Destino estava sentado em um banquinho, me olhando com um sorriso cheio de fúria. Bateu palmas me encarando. Eu podia sentir o cheiro da raiva dele.
Certo, tudo bem, eu pensei. Vou acabar com tudo agora, largar esse trato e voltar a ser como era antes. Qualquer coisa, Amadeo teve uma overdose.
-Destino, eu realmente preciso de te falar uma coisa.
-Eu sei. Eu também tenho que te falar algo. Mas eu tenho todo o tempo do mundo, então diga, vá em frente. O que você realmente precisa me falar? – Ele me respondeu com um tom zombeteiro, como quem já sabe o final da piada.
-Eu não quero mais fazer nada disso. Não quero vingança. Já to bem assim, Zach que se dane.
-Você quer me largar então? – Eu assenti– E como você pretende fazer isso, se as marcas do nosso pequeno acordo já estão no seu corpo?
-Você pode me fazer voltar ao normal, eu não ligo. Pode levar quanto dinheiro quiser também-
O banquinho voou e bateu na parede, fazendo um barulho ensurdecedor. Não fui capaz de terminar a frase, Destino começou a berrar.
-DINHEIRO? Você acha que EU preciso de dinheiro? Não, menina, não preciso de nada! Você já disse que sim, não tem como voltar atrás.
A voz dele ecoava por todos os lados. Todos os vizinhos deviam estar escutando. Aquele homem era louco, eu tinha certeza. Mas o Louco me agarrou pelos braços e começou a falar grosso, me encarando. Só que ele não tinha olhos. E eu me assustei.
-Vim aqui para lhe dar as primeiras instruções. Se você não fizer as coisas como estou pedindo, então não fará mais nada. Tenho certeza de que haverá um espaço no inferno para você, caso eu precise.
Eu não queria que ele roubasse a minha vida. Não estava pronta pra isso. Assenti novamente.
Como qualquer filme de terror que se preze, Destino deveria desaparecer numa nuvem de fumaça e deixar as instruções escritas em sangue na parede, ou em algum código difícil.
Mas isso não era um filme. Era a minha vida acontecendo. Ele usou a porta da frente, e antes de sair enfiou um pedaço de guardanapo entre os meus dedos. Bateu a porta com muita força. Fiquei surpresa com a resistência da minha casa, tinha certeza de que ela iria desabar.
Abri o pequeno papel. Aquele homem realmente era um porco. Haviam manchas de gordura e restos de comida se misturando com as letras de uma pequena palavra naquele guardanapo. Grudei-o na geladeira e fui me deitar. Precisava dormir.
“Treine, treine, treine”. Milhares de vozes estavam sussurrando isso na minha cabeça.
Destino queria que eu treinasse. Eu não queria treinar. Mas precisava.
Não consegui dormir naquela noite e nem nas seguintes. Acho que isso me ajudou a enlouquecer. Também não tinha a menor ideia de como treinar, mas acabei usando a criatividade.
Arrumei um emprego na veterinária. Eu não tinha que fazer muita coisa, apenas matar os animaizinhos que não tinham saída. Também passei um certo tempo num açougue, aprendendo a usar uma faca.
Com o pequeno salário que ganhava, ia ao parque de diversões e treinava tiros. Eu era simplesmente ridícula.

4 comentários:

Anônimo disse...

erika , eu te amo . nem tenho palavras pra falar o quanto vc é essencial na minha vida .


TE AMOOOOOOO

ana /\

Gabih, ou como preferir me chamar. disse...

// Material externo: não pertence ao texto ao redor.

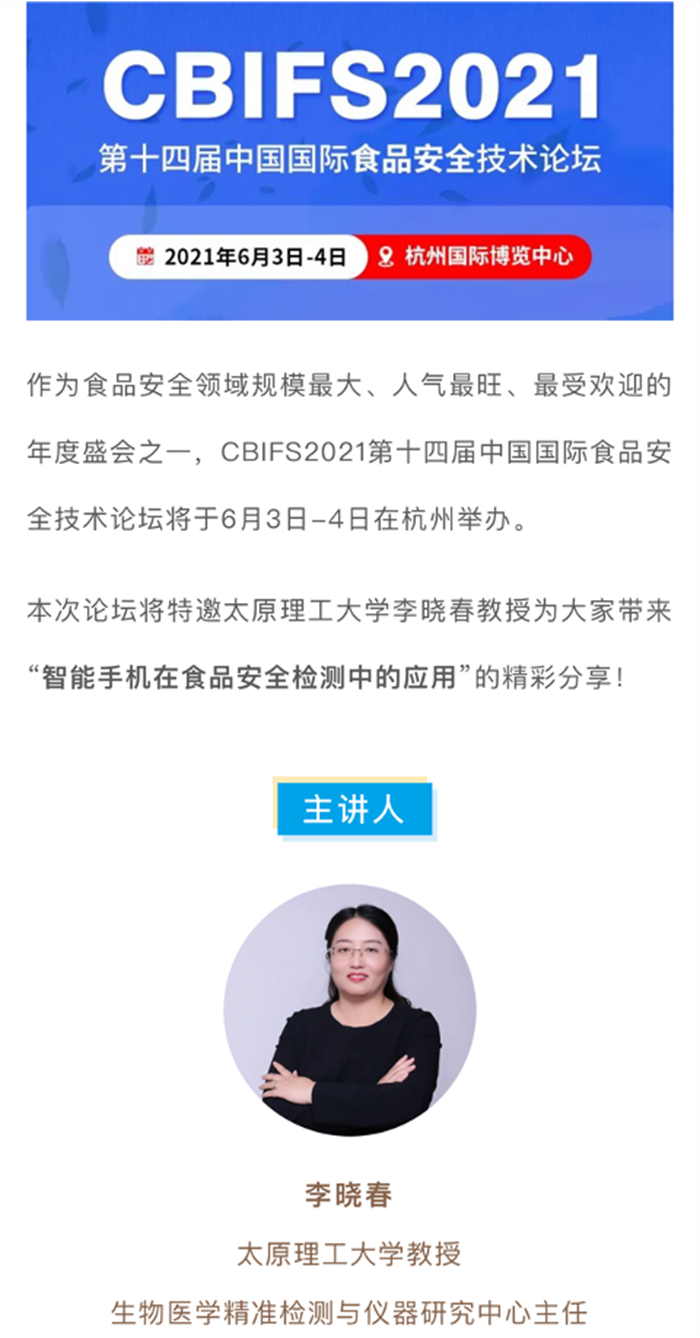 6月3日、4日,由太平洋国际展览创办的“CBIFS2021第十四届中国国际食品安全技术论坛”在杭州国际博览中心举办。本次大会由1个主论坛和11个专题论坛组成。来自检测机构、科研院所、高校和食品企业的专家带来了精彩学术报告。食品安全技术论坛是国内食品安全技术领域规模最大、人气最旺和最受欢迎的年度盛会之一,全面展示国内外最新食品安全技术和发展成果。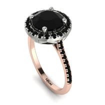 Two Tones Gorgeous Round Cut Black Diamond Pave Engagement Ring With Hidden Stone - Ellen No. 81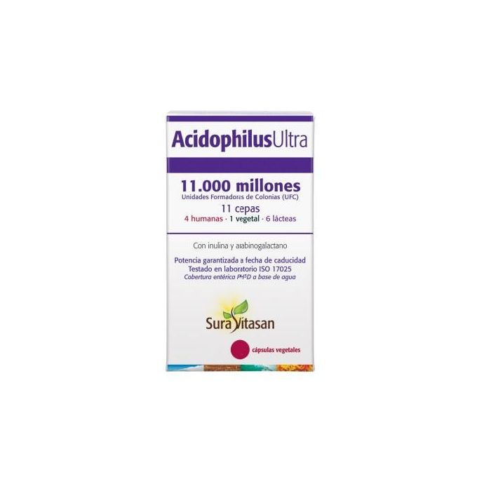 de microorganismos viables por cápsula, ver información nutricional) (en contacto con leche y soja), inulina (de raíz de achicoria, Cichorium intybus), arabinogalactano (de Larix laricina), antiaglomerante (estearato de magnesio vegetal), antioxidante (ácido L-ascórbico), almidón de patata, cápsula vegetal entérica PH5D (agente de recubrimiento: hidroxipropilmetilcelulosa; solución acuosa para la protección entérica; agua purificada).

aiai. continue logo u.u quer me matar do coração? xD

Gárgola disse...

Alice estava esperando como você ia desenvolver a história depois do assassinato, era realmente uma tarefa difícil. Pensei até que era um beco sem saída, mas minha grata surpresa foi que você conseguiu escrever um capítulo redondo, para mim, o melhor de todos até agora.
Continuarei com o olho vivo até o próximo capítulo. Está emocionante...

beijos primaverais (por aqui o frio esta indo embora e os pessegueiros estão floridos)

Gabih, ou como preferir me chamar. disse...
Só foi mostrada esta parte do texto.